Go to the line in the entries below that holds "Black grainy faux" and repeat exactly from there through the line that holds "在这里呢,我们就可以看到一键", inclusive.

§ Information provided:
================================

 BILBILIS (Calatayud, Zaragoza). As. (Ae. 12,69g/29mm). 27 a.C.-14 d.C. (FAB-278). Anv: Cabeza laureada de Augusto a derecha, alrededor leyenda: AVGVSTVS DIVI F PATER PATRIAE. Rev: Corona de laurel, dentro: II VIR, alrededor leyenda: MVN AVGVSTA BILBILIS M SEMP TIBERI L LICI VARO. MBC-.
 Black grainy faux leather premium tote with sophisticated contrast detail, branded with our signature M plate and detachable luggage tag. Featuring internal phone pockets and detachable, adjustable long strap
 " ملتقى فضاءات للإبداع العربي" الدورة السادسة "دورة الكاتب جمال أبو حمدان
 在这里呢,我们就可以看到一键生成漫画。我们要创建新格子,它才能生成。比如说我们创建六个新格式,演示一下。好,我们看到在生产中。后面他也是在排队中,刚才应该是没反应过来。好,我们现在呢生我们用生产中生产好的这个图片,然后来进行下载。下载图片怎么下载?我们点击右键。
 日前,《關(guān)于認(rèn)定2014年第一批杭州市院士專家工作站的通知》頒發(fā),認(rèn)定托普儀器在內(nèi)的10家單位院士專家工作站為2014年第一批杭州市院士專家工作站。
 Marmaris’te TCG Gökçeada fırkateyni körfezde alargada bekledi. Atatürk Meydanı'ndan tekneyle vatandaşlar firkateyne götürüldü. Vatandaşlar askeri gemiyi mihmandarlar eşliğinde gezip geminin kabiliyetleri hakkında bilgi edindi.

================================

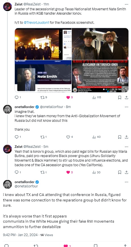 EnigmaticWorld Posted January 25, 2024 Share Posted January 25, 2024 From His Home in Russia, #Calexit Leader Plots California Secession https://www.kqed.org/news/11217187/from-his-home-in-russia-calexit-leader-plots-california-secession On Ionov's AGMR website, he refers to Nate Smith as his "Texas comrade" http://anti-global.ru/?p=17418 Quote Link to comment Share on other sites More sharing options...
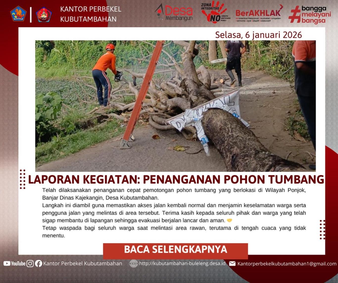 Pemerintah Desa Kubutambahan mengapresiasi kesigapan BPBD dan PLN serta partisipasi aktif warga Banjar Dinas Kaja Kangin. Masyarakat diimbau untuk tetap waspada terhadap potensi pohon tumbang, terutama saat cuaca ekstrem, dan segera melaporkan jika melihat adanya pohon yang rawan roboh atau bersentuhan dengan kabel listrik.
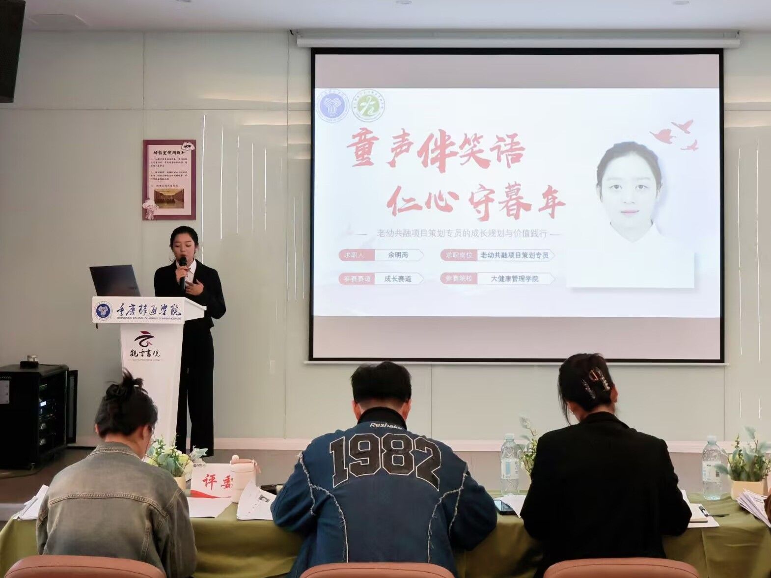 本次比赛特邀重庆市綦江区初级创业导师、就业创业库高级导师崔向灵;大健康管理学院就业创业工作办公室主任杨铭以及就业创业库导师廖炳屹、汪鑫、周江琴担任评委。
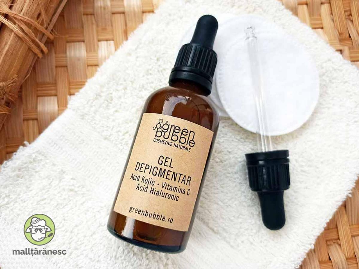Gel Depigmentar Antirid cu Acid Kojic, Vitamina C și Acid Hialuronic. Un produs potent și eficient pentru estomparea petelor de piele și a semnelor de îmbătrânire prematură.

================================

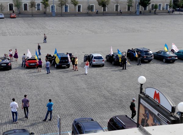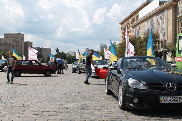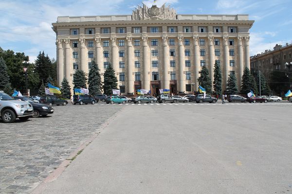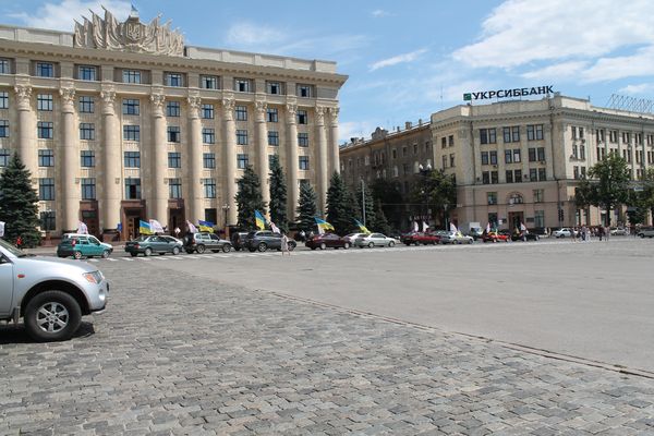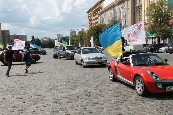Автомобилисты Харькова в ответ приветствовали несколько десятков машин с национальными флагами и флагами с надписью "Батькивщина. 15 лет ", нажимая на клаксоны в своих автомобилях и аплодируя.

================================

§ Answer to the exercise:
 Black grainy faux leather premium tote with sophisticated contrast detail, branded with our signature M plate and detachable luggage tag. Featuring internal phone pockets and detachable, adjustable long strap
 " ملتقى فضاءات للإبداع العربي" الدورة السادسة "دورة الكاتب جمال أبو حمدان
 在这里呢,我们就可以看到一键生成漫画。我们要创建新格子,它才能生成。比如说我们创建六个新格式,演示一下。好,我们看到在生产中。后面他也是在排队中,刚才应该是没反应过来。好,我们现在呢生我们用生产中生产好的这个图片,然后来进行下载。下载图片怎么下载?我们点击右键。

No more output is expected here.